The functions use positional-only parameters (/ in the signature), so embeddings must always be the first positional argument.

SimpleEmbeddings

SimpleEmbeddings is a minimal, self-contained embedding implementation suitable for unit tests and learning exercises.
from alexber.utils.in_memory_similarity_search import SimpleEmbeddings

embeddings = SimpleEmbeddings(dims=1536)  # default dimension
vectors = embeddings.embed_documents(["hello world", "foo bar"])
print(len(vectors[0]))  # 1536
dims
int
default:"1536"
Dimension of each output vector. The default matches the dimension of OpenAI’s text-embedding-ada-002 model for compatibility in tests.
Internally SimpleEmbeddings maps each character in a text to a fixed-size vector by hashing the character to an index and incrementing that position. This produces character-frequency vectors rather than semantic embeddings.
SimpleEmbeddings does not produce meaningful semantic representations. It is provided for educational purposes and tests only. Do not use it in production — results will not reflect real language similarity.

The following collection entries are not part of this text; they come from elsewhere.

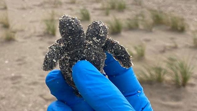 وعثر ضباط الدورية والمتطوعون على ثلاث فقسات سلحفاة حية لا تزال في الغرفة، لكن فقس واحد، على وجه الخصوص، برز لأن له رأسين.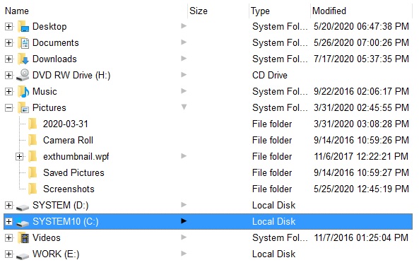 Starting with the version 14.0, the control supports multiple root-folders. The ExploreFromHere property specifies multiple root-folders if they are separated by | or \r\n characters. If the ExploreFromHere entity includes a > character, the characters after indicates the HTML caption to be displayed instead of its default name. For instance: "C:\>" includes the C system driver as a root folder, rather than listing its content, "C:\>System <b>C</b>", includes the system C drive as a root folder with the name System C, c in bold, "C:\|E:\" specifies that the control includes C and E system drives, as root folders, "E:\Exontrol|::{20D04FE0-3AEA-1069-A2D8-08002B30309D}" specifies to include the E:\Exontrol folder and the My Computer system folder.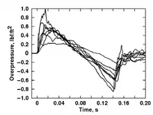 For today's supersonic aircraft in normal operating conditions, the peak overpressure varies from less than 50 to 500 Pa (1 to 10 psf (pound per square foot)) for an N-wave boom. Peak overpressures for U-waves are amplified two to five times the N-wave, but this amplified overpressure impacts only a very small area when compared to the area exposed to the rest of the sonic boom. The strongest sonic boom ever recorded was 7,000 Pa (144 psf) and it did not cause injury to the researchers who were exposed to it. The boom was produced by an F-4 flying just above the speed of sound at an altitude of 100 feet (30 m).[5] In recent tests, the maximum boom measured during more realistic flight conditions was 1,010 Pa (21 psf). There is a probability that some damage—shattered glass, for example—will result from a sonic boom. Buildings in good condition should suffer no damage by pressures of 530 Pa (11 psf) or less. And, typically, community exposure to sonic boom is below 100 Pa (2 psf). Ground motion resulting from the sonic boom is rare and is well below structural damage thresholds accepted by the U.S. Bureau of Mines and other agencies.[6]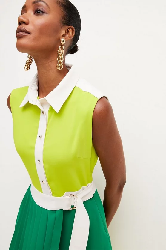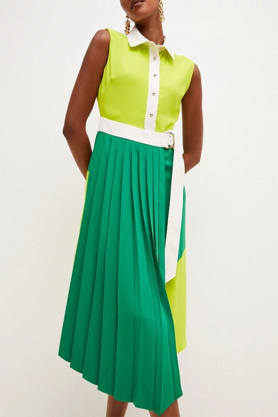 A style that would fit right in on the side lines of Centre Court, this softly pleated design combines cool colour-block panels with a preppy collar, buttons and a D-ring waist tie. Sharply pressed pleats adorn one side, swishing down into an asymmetric hem that moves beautifully as you stride through summer.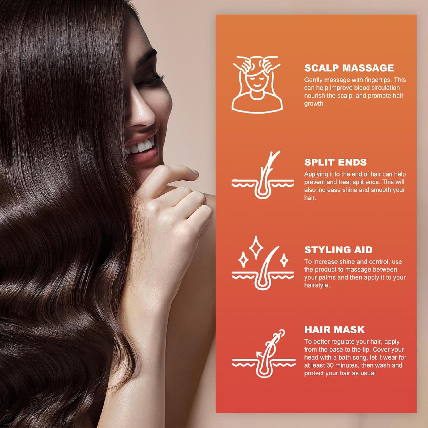 Promote hair growth: reduce hair breakage, increase shine, and promote hair growth.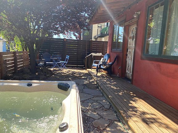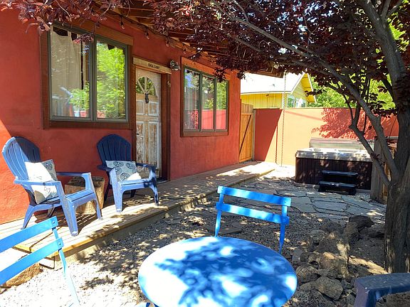Available now for the month of February. This is a fully furnished monthly rental home. Tours are not possible, unfortunately. Here is your chance to experience an amazing straw bale home in one of Bend's best locations! This eco friendly, lofted home is the perfect perch for either work or play in Bend. Located on a quiet street just a block from Drake Park you can walk to coffee every morning, walk to your river float every afternoon and truly experience the relaxing routine of downtown Bend living. Downstairs you'll find the king bedroom, complete with high thread count linens, European bedding and warm floors. The built in dresser snugs right into the stucco and straw bale walls. You'll find the full bathroom down here as well with a tub and shower stocked with earth friendly soaps and shampoos to start off your stay. Colorful tile and creative finishes around the tub will also catch your eye. All the floors down stairs are radiantly heated so your toes will always be happy. A full washer and dryer are also provided. The kitchen and dining room also are the perfect spots to start your gourmet meal, or lounge for morning coffee as you plan your day in Bend. The wood stove is is such a treat for cool nights. We'll start you off with a bundle of wood for your stay. Upstairs is the amazing loft space with queen bed and queen sleeper sofa. Bedding is provided for all 3 beds. The loft is completely surrounded by windows so you can truly bring the outside in! We've added light blocking curtains to the upstairs queen bedroom area for a dark an cozy sleeping space. TV and a computer work station, with monitor included, are also located upstairs. The kitchen is fully stocked with utensils for both the cook and the baker. We always supply basic oils and spices for your use too. You'll always be set for making a recovery dinner after your surf, swim or ski! The dining room seats 6 easily. You'll find all the expected appliances (oven, stove, fridge, dishwasher, microwave, toaster) plus more. There is no dishwasher in this home. This strawbale home is very well insulated and has a powerful ceiling fan in the loft and portable fans in the sleeping areas. There is currently no A/C in the home. It has a passive solar design that is meant to keep the home home cool in the summer and warm in the winter. Bend also has nights that dip into the 50's on a regular basis, so opening up the home in the evenings is the perfect way to cool off. Don't miss the little outside dining area and your own dedicated BBQ chairs for enjoying our pleasant afternoons! This is a quintessential Bend location! All utilities included, 1 alley parking spot, 1 street parking permit provided PETS PERMITTED with $200/month non refundable pet fee NO SMOKING NO PARTIES
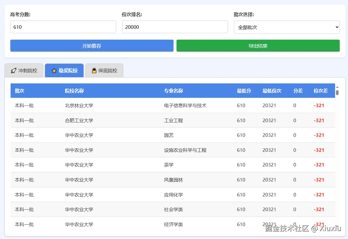 在这里我们以610分,排20000位次为例,给我们展现了冲、稳、保的三个层次学校和对应专业。

Using a production embedding backend

1

Install langchain-openai

pip install langchain-openai
2

Configure your API key

export OPENAI_API_KEY=sk-...
3

Pass OpenAIEmbeddings to the search functions

from langchain_openai import OpenAIEmbeddings
from alexber.utils.in_memory_similarity_search import find_most_similar

embeddings = OpenAIEmbeddings()

candidates = [
    "Contact customer support.",
    "View your billing history.",
    "Reset your password.",
]

index, text = find_most_similar(
    embeddings, "How do I change my password?", *candidates
)
print(index, text)
# 2 Reset your password.
OpenAIEmbeddings from langchain-openai implements the same embed_documents interface and is a drop-in replacement for SimpleEmbeddings. Any LangChain-compatible embedding class works the same way.

Edge cases

SituationBehaviour
No candidates (*args is empty)Returns (-1, input_text) from find_most_similar; [((-1, input_text), 0.0)] from find_most_similar_with_scores.
All-zero embedding vectorsCosine similarity is 0.0 (division-by-zero is caught and set to 0.0).
NaN or Inf in similarity matrixReplaced with 0.0 automatically.